Почему же понадобилось «исправлять» христианское вероучение, формулировать свой ответ на вызов истории, который в рамках реформированного христианства дал протестантизм? Протестантская реформация, породившая протестантскую этику, стала первым решительным выступлением буржуазии против отживших средневековых порядков. Посредством преобразования христианской религии, изменения вероисповедальных установок и нравственного мироощущения человека она дала мощный толчок развитию новых, буржуазных общественных отношений и породила новый тип личности.

Однако почему это стало возможным? Почему всесильная католическая церковь не смогла противостоять идеям протестантских теологов, увлекшим огромные массы людей, вряд ли разбирающихся в теологических и вероисповедальных различиях между старым и новым способом веры в Бога?

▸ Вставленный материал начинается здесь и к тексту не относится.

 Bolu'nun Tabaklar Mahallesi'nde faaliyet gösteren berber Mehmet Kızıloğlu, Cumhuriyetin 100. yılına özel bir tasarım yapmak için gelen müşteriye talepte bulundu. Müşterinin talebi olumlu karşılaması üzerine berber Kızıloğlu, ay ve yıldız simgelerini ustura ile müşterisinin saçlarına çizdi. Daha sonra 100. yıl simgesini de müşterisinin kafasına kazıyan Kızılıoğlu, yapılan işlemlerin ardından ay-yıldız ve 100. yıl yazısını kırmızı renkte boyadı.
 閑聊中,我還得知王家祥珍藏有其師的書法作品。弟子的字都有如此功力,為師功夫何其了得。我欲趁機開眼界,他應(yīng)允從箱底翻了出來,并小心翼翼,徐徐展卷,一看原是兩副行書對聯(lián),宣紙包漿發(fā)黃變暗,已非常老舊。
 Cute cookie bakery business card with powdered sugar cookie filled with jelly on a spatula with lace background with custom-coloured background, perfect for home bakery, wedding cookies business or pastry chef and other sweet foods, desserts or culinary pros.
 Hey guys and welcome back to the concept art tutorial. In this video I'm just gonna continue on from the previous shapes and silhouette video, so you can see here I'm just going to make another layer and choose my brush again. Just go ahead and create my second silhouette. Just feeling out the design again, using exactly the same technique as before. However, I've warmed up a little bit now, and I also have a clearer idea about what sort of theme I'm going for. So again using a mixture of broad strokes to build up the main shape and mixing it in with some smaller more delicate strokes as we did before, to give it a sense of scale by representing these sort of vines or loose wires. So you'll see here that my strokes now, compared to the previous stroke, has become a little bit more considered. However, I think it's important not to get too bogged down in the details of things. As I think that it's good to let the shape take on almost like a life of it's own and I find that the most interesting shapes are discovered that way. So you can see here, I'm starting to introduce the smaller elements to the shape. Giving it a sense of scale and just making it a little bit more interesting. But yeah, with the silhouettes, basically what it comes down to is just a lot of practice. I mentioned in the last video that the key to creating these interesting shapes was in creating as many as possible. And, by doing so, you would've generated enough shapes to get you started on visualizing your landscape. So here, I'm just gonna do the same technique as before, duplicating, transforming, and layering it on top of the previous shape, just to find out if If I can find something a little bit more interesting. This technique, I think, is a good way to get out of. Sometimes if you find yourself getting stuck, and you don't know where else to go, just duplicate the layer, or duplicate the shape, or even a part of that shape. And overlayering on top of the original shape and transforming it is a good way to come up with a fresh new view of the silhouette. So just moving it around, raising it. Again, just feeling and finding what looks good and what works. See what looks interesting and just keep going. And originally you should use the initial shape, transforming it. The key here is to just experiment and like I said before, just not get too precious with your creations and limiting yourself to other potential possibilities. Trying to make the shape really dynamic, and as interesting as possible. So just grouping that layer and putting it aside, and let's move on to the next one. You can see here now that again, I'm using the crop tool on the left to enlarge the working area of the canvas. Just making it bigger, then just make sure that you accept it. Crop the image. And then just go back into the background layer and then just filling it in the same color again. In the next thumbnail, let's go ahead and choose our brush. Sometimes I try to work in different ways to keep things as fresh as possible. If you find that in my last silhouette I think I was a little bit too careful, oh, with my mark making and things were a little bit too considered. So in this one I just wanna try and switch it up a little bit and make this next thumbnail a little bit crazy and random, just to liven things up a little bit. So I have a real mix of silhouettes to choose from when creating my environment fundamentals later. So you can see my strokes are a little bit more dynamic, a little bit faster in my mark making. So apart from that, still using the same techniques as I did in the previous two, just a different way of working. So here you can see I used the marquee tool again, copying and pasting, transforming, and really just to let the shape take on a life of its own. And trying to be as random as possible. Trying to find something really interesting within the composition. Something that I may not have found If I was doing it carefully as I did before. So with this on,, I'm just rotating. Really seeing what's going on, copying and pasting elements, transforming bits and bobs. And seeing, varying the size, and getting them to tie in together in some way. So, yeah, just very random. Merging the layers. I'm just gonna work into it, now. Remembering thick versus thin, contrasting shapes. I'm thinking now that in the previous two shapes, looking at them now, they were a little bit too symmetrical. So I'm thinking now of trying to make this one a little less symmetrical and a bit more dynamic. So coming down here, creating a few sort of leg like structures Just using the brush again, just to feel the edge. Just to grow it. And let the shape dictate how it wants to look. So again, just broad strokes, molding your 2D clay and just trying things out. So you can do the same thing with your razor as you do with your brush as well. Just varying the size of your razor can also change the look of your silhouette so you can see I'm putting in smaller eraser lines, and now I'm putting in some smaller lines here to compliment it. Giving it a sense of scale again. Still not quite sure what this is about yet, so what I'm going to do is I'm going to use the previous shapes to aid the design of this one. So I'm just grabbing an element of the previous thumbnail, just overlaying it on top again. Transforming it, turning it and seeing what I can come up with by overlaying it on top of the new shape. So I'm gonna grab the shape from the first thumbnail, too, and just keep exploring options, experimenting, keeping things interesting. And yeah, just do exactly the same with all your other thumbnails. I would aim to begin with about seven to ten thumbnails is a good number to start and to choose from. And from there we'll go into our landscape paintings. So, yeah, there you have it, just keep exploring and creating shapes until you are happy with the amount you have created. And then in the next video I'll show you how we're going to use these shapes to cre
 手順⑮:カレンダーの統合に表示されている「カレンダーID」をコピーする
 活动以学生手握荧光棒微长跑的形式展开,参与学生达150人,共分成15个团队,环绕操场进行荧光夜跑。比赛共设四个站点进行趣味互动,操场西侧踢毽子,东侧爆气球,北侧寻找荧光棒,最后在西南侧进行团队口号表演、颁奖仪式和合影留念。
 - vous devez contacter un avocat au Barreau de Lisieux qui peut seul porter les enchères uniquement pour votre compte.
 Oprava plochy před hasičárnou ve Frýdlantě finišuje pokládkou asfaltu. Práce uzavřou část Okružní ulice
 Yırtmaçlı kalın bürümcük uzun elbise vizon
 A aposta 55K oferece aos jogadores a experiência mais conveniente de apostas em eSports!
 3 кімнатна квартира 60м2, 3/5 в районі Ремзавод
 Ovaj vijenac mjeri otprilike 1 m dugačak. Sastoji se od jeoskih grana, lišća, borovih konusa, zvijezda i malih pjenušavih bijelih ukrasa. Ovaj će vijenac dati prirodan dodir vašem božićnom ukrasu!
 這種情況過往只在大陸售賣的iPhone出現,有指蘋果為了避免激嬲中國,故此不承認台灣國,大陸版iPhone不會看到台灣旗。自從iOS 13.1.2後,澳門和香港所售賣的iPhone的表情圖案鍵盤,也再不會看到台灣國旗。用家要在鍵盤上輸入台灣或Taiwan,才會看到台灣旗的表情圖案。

Это удалось потому, что ответ, данный деятелями Реформации на вызов времени, оказался понятным и близким погруженным в религию, но не разбирающимся в теологических тонкостях массам: католическую церковь следует отвергнуть потому, что она без нравственна, а следовательно, безбожна. Именно нравственный протест против «безбожной» церкви встретил живой отклик в сердцах тысяч верующих, принадлежавших к различным сословиям.

Ибо возникшие как движение бедных и униженных, угнетенных и гонимых, христианская религия и церковь в средние века стали господствующей духовной и политической силой, превратились в одного из крупнейших феодалов Европы, вследствие чего были кровно заинтересованы в защите и упрочении средневековых представлений о социальном и нравственном миропорядке. Именно ее господствующее положение неизбежно влекло католическую церковь к внутреннему перерождению и нравственному разложению. Для укрепления своей силы и власти католическая церковь оставила путь кротких нравственных увещеваний по отношению к оступившимся и учредила инквизицию – учреждение для преследования опасных «еретиков», виновных в прегрешениях против церкви. Жесточайшие пытки, сжигание на костре заживо творились именем учителя любви и милосердия Христа, на самом деле были способом укрепления своей власти и богатства.

Проповедуя смирение, воздержание и бедность, церковь сама непристойно богатела, наживаясь на всем: на конфискации имущества еретиков, на положенной ей Богом «десятине» со всех прибытков, а также на разорительной для бедных прихожан плате за крещение, венчание, исповеди, отпевания и другие обряды.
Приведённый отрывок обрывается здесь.